The second is the suggestion to make your site agent-friendly for the emerging agentic experiences. This is Google's quiet acknowledgment that the next traffic-shaped surface to optimize for is not a person at a search box but an agent acting on a person's behalf. The advice is conservative, clear navigation, semantic structure, stable URLs, but the framing matters. The optimization target is shifting from human-clicks-link to agent-fetches-page, and the optimization technique remains, again, foundational SEO.
§05The implication for AI builders
For the audience that ships AI products, the practical move is to stop thinking of GEO and AEO as separate disciplines and start treating "generative AI search" as a new retrieval surface for the same SEO work. The implications cash out in three places.
First, llms.txt becomes optional. The proposal has its uses, a curated entry point for agents crawling your site, a way to expose a structured index where one does not exist, but it should not be confused for AI-search optimization. Google does not consume it for that purpose.
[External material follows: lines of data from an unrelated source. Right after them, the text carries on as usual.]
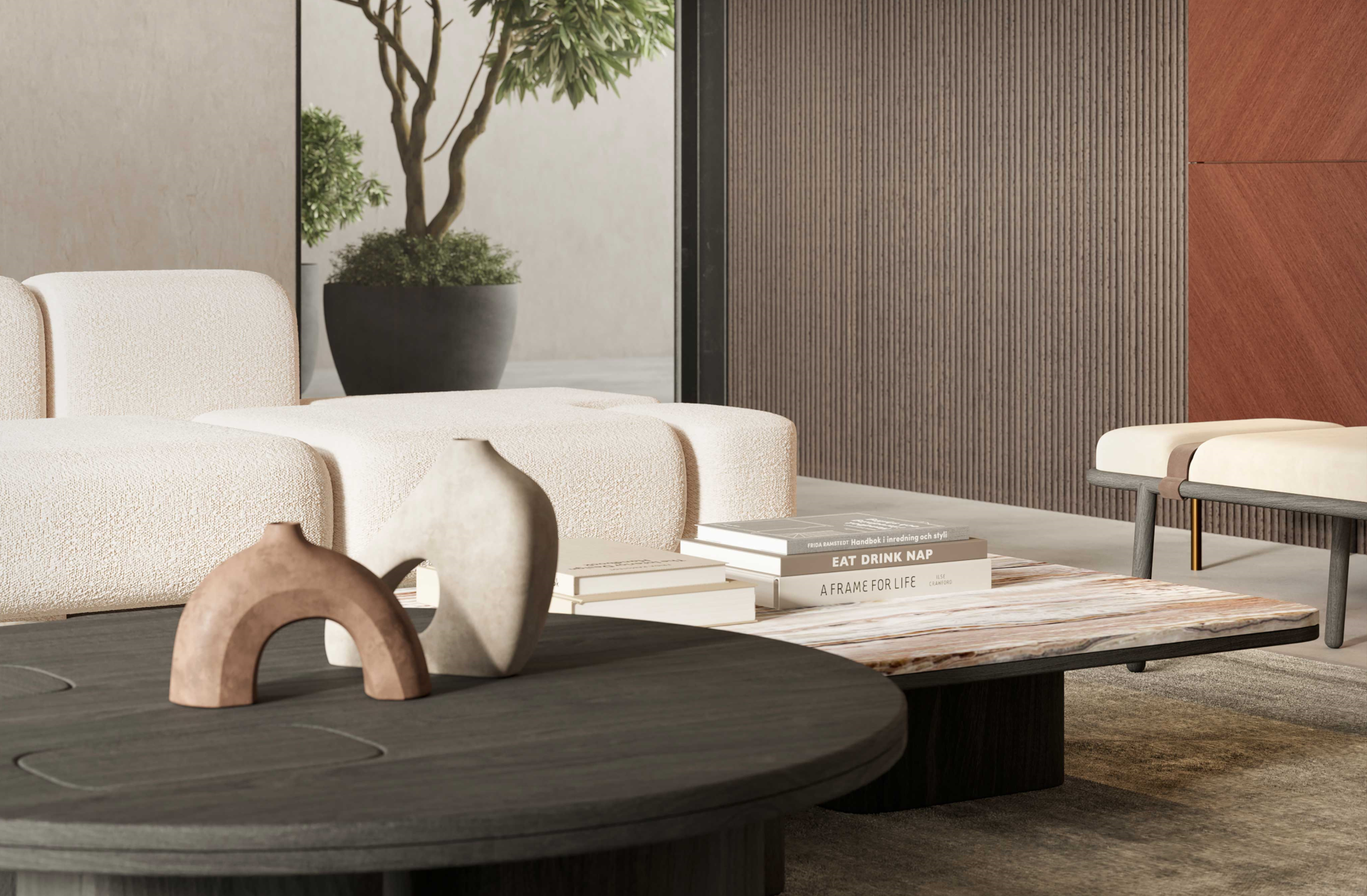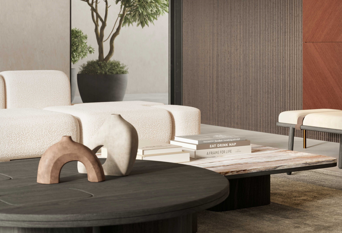 Ma il trend è sicuramente caratterizzato dall'utilizzo delle sedute dalle forme morbide con tessuto bouclè e colori neutri, dai materiali naturali come il legno non solo per gli arredi ma anche per le finiture a parete e dal ritorno del marmo proposto come finitura per i tavoli.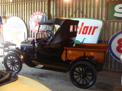 1922 FORD MODEL T ROADSTER PICKUP. THIS TRUCK CAME OUT OF A MUSEUM. IT HAS NOT RUN IN 5 YEARS. IT IS A RUST FREE , ALL STEEL TRUCK WITH NICE PAINT THAT HAS A FEW CHIPS. THE BLACK INTERIOR IS VERY NICE AND THE BLACK TOP IS ALSO VERY NICE. IT HAS A WOOD BED IN VERY NICE SHAPE . I HAVE NOT ATTEMPTED TO START THE VEHICLE. IT WAS CONVERTED TO A 6 VOLT SYSTEM. THE MOTOR IS FREE. IT WILL NEED A NEW BATTERY. THE RIGHT FRONT TIRE IS FLAT. I HAVE A NEW TUBE THAT I MIGHT INSTALL IF I CAN FIGURE OUT HOW TO CHANGE IT. IT WILL HOLD AIR LONG ENOUGH TO LOAD IT IN A TRAILER. THIS VEHICLE HAS NO ROT. THE LEFT FRONT FENDER HAS BEEN REPAIRED- SEE PHOTOS. I DONT THINK IT WOULD TAKE MUCH TO GET IT RUNNING, I JUST DONT HAVE THE TIME OR KNOW HOW ON THE MODEL T. CLEAR TITLE IN HAND. I HAVE PRICED THE TRUCK WELL BELOW WHAT IT WOULD TAKE TO PURCHASE A PROJECT AND RESTORE ONE. SOLD AS IS. VEHICLE AND TITLE RELEASED WHEN FUNDS CLEAR. I RESERVE THE RIGHT TO END THE AUCTION AT ANYTIME. NO TRADES. NO FINANCING. SHOWN BY APPOINTMENT IN PLANO,TX 75074 . CONTACT PETER KRELL- 469-569-0827 I SELL WORLDWIDE. HAPPY MOTORING PS- THESE IS NO ODOMETER, SO THE MILEAGE STATED IS NOT CORRECT.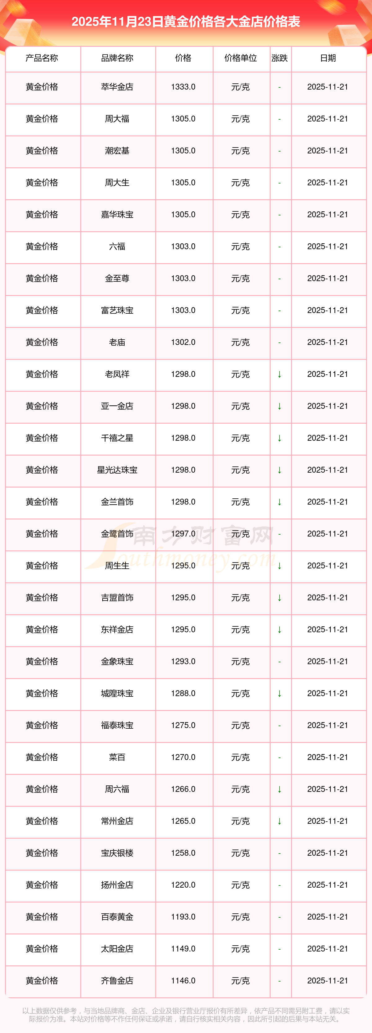 2025年11月23日周大福、周大福、周大福、周大福、周大福、周大福、周大福、老凤祥、老凤祥、老凤祥、周六福等各大金店品牌黄金价格最新价格如下:周大福黄金价格1305.0元/克,周大福铂金价格616.0元/克,周大福饰品金价(内地)1305.0元/克,周大福黄金饰品(香港)45110.0,周大福铂金价格(香港)17570.0,周大福金条价格(香港)40690.0,周大福金条金价(内地)1143.0元/克,老凤祥黄金价格1298.0元/克,老凤祥铂金价格600.0元/克,老凤祥足金价格1298.0元/克,周六福黄金价格1266.0元/克。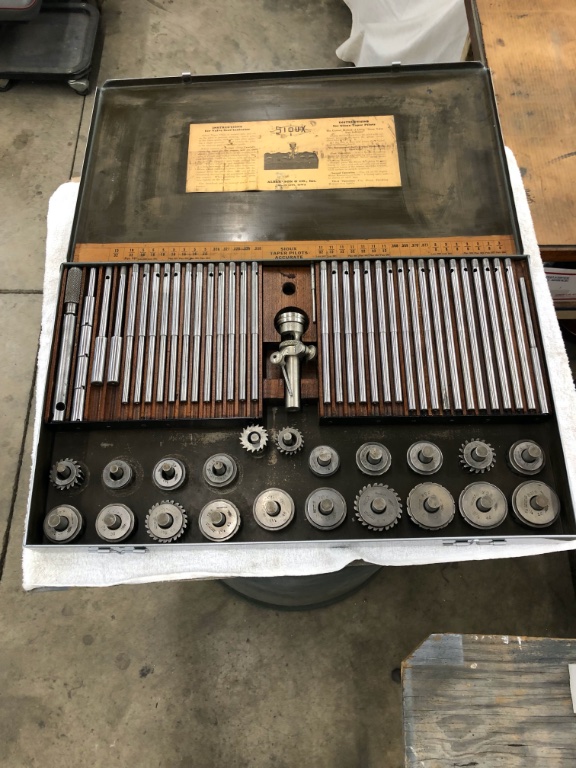 I have the same Sioux valve grinder. Mine is still wearing about 95% of its original paint. Without going out to look, think it is a Catalog number 650. It had a new stone installed when I got it. Only problem is, the outer diameter is now too small to use the stem grinder. With the chuck installed, the stem holder can only go on one way, putting the Vs to the outside of the stone. The stem ends up with a nub on the end. While I don't think so, the stem holder that came with it, may be the wrong one. The stem grinder is missing the stem clamp/hold down. It also came with the stone dresser, the allan tool with knurled handle for adjusting the collars and one other piece that don't recall its use. Because this model is dry grind, takes a little more time to grind the valve and stems, allowing a cooling cycle.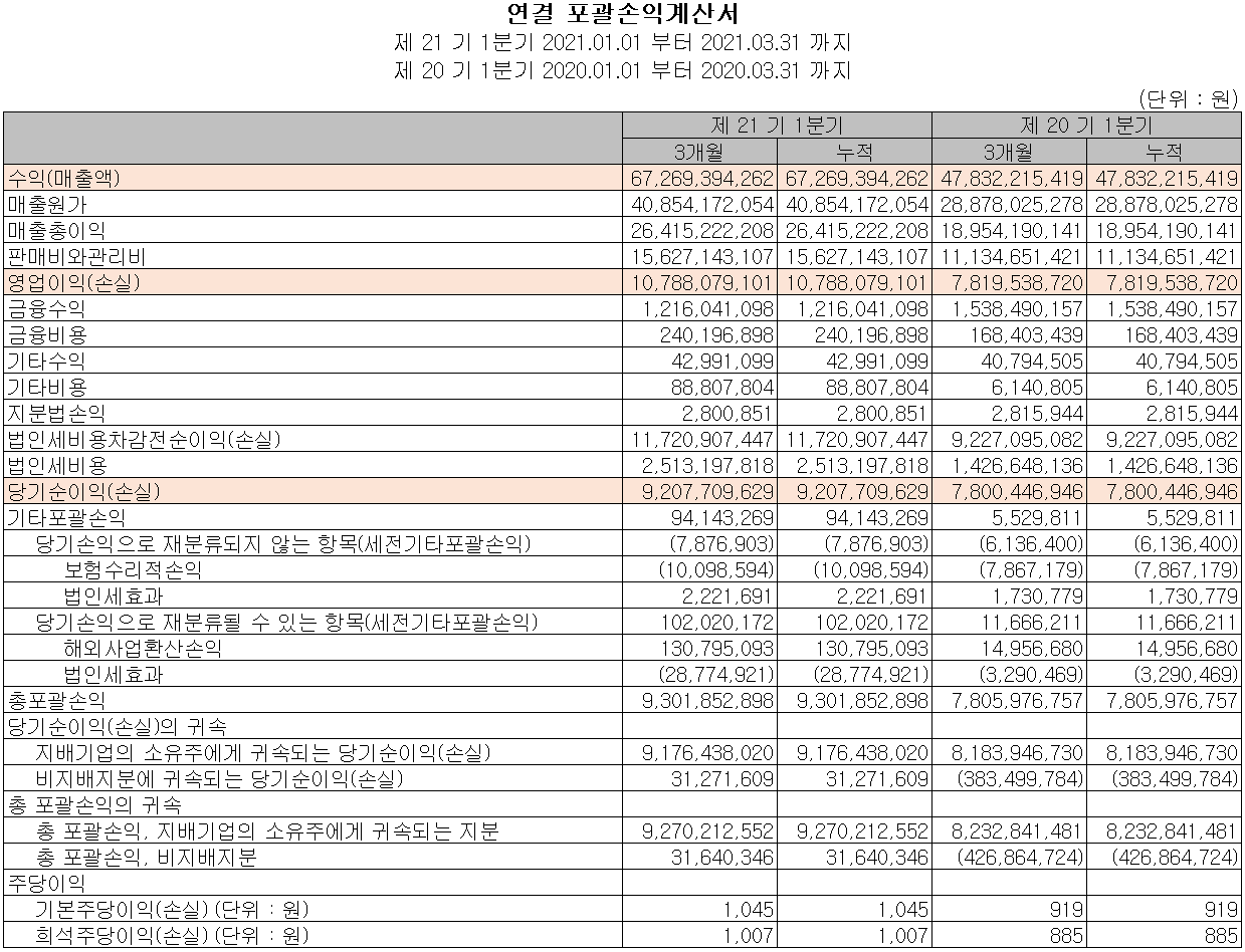 당사의 2021년 연간 예상 실적에서는 매출액 2,359억 원으로 전년 대비 41.4% 증가하고, 영업이익은 368억 원으로 102.2% 증가할 것으로 추정하면서 사상 최대 실적을 거둘 것으로 전망했습니다.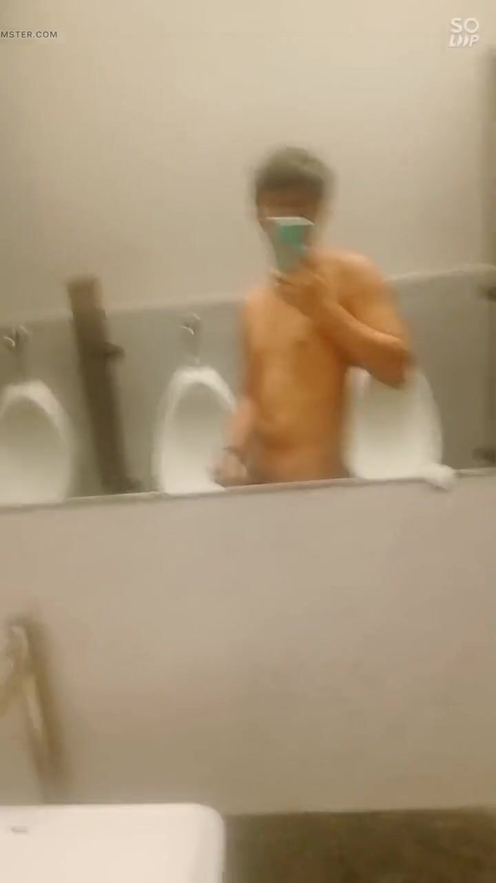 Young Asia Teen Guy Wanking on a Public Mcdonnalds Toilet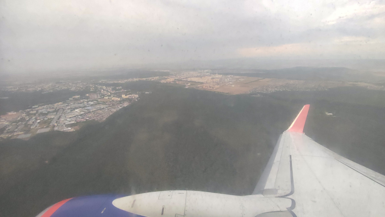 Две дымовые трубы промзоны и указатель съезда над трассой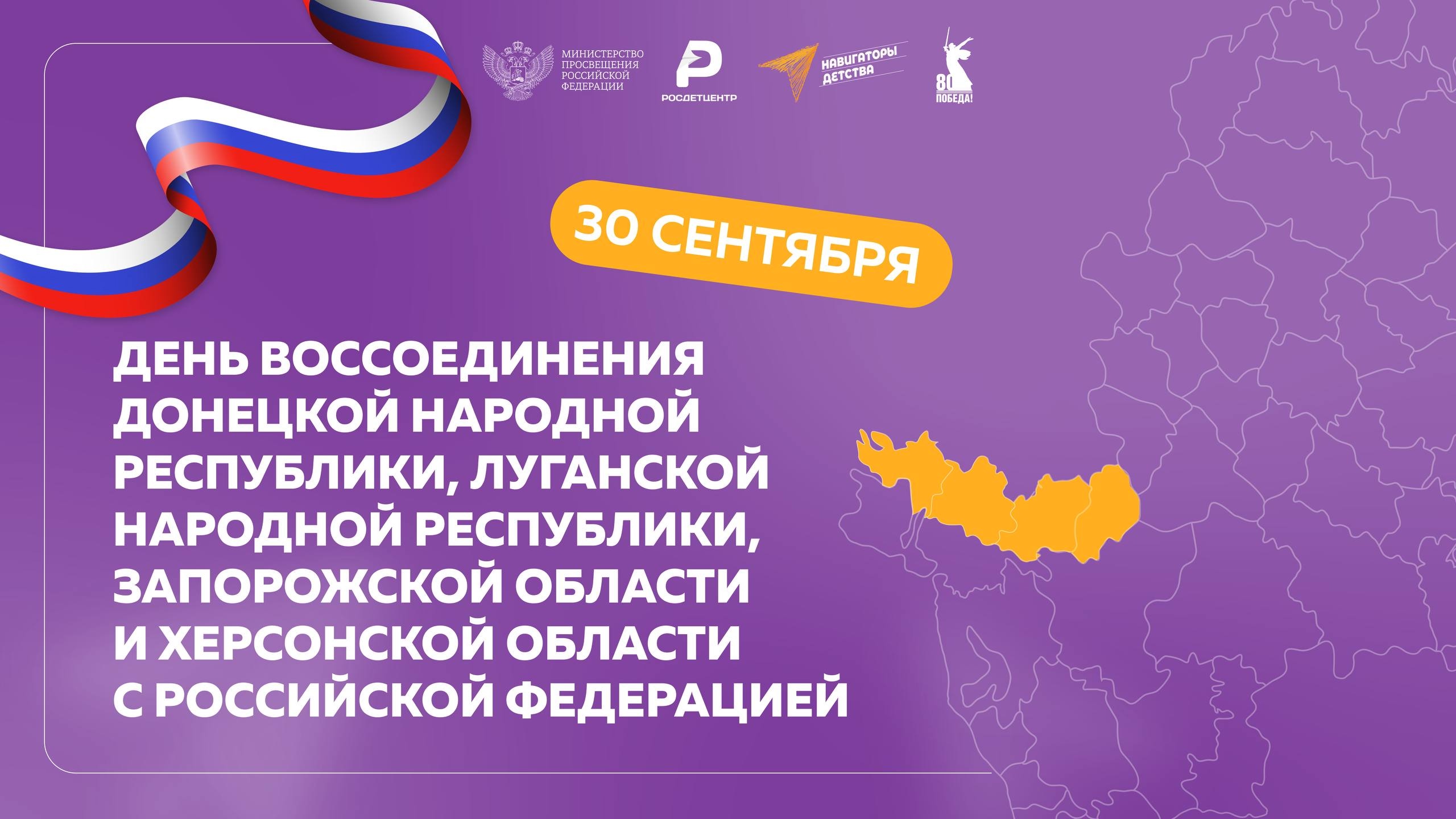 30 сентября, начиная с 2023 года, в России отмечается День воссоединения Донецкой Народной Республики, Луганской Народной Республики, Запорожской области и Херсонской области с Российской Федерацией.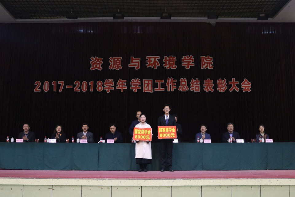 学院院长崔德杰宣读《9001cc金沙以诚为本2017-2018学年学团工作先进集体和先进个人的决定》,表彰了国家奖学金获得者、国家励志奖学金获得者、省政府励志奖学金获得者、省级社会实践优秀学生、省社会实践优秀服务队、校第三届“创青春”大学生创业大赛铜奖获得者等表现优异的学生个人和集体。工作人员宣读《9001cc金沙以诚为本2017—2018学年学团工作先进集体和先进个人名单》,与会领导老师为获奖个人和集体颁奖并合影留念。

Second, the GEO services market shrinks. Agencies selling "AI-first content rewriting" or "model-targeted schema work" are selling a deliverable Google has now stated it does not consume. Some of the underlying work, writing better content, structuring pages cleanly, fixing crawl issues, is genuinely useful. The framing as a new discipline is not.
Third, the optimization target is the same as it has always been. A useful page, crawlable, indexable, with a perspective that the rest of the index does not duplicate. The retrieval mechanics are new. The thing being retrieved is not.
◆ pull quote
“The retrieval is the optimization target. The model is the post-processor.”